PROBLEM TO SOLVE: Only the lines from the one holding "もっと遠くへ。その思いを叶え" to the end of the data should be echoed, exactly as they appear, minus the pictures.

SUPPLIED MATERIAL:
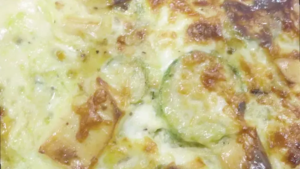 المقادير 500 غ كوسة مقطعة دوائر، حبة بصل مفرومة، 2 حبة بيض، 300 ملل حليب، 2 ملعقة صغيرة خميرة حلوى،1 ملعقة صغيرة ملح، 1 ملعقة صغيرة فلفل أسود، 200 غ جبنة مفرومة، 1 ملعقة كبيرة زبدة. التحضير * نطبخ الكوسا فى القدر مع م/ ك زيت ثم نضيف البصل ونحرك من حين لآخر. من جهة أخرى، يخفق البيض ويضاف الحليب، الملح، خميرة الحلوى وكمية من الجبنة ورشة فلفل أسود ويخلط المزيج.تدهن صينية الفرن وترص فيها الكوسا، يسكب عليها مزيج البيض وترش بالكمية المتبقية من الجبنة والخبز المرحي وقليل من الزبدة. تدخل الصينية في فرن مسخن مسبقا ما بين 20 إلى 30 دقيقة أو حسب نوع الفرن وحجم الصينية إلى أن يتماسك المزيج ويكتس...
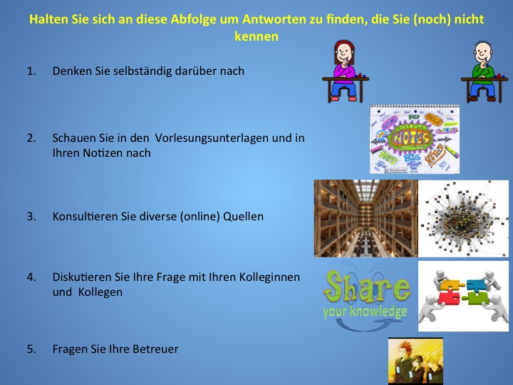 | Ablauf | Regeln | Finden von Antworten | Das Übungsprojekt | Organisation der Übungen |
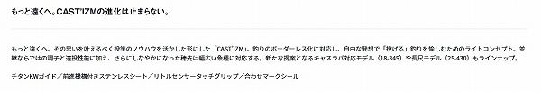 もっと遠くへ。その思いを叶えるべく投竿のノウハウを活かした形にした「CAST’IZM」。釣りのボーダーレス化に対応し、自由な発想で「投げる」釣りを愉しむためのライトコンセプト。並継ならではの調子と遠投性能に加え、さらにしなやかになった穂先は幅広い魚種に対応する。新たな提案となるキャスラバ対応モデル(18-345)や長尺モデル(25-430)もラインナップ。
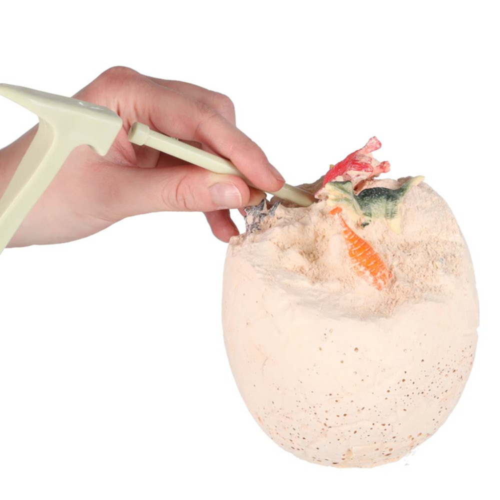 Velké vejce, které v sobě ukrývá 12 figurek dinosaurů k objevení. Stačí jen kladívko, dláto a trocha trpělivosti a můžeš se pustit do dobrodružství ve stylu malého paleontologa. Tato dětská archeologická sada v sobě spojuje vědu, zábavu a vzrušení z odhalování záhad z doby před miliony let! Objevte fascinující svět dinosaurů!

RESPONSE:
 もっと遠くへ。その思いを叶えるべく投竿のノウハウを活かした形にした「CAST’IZM」。釣りのボーダーレス化に対応し、自由な発想で「投げる」釣りを愉しむためのライトコンセプト。並継ならではの調子と遠投性能に加え、さらにしなやかになった穂先は幅広い魚種に対応する。新たな提案となるキャスラバ対応モデル(18-345)や長尺モデル(25-430)もラインナップ。
 Velké vejce, které v sobě ukrývá 12 figurek dinosaurů k objevení. Stačí jen kladívko, dláto a trocha trpělivosti a můžeš se pustit do dobrodružství ve stylu malého paleontologa. Tato dětská archeologická sada v sobě spojuje vědu, zábavu a vzrušení z odhalování záhad z doby před miliony let! Objevte fascinující svět dinosaurů!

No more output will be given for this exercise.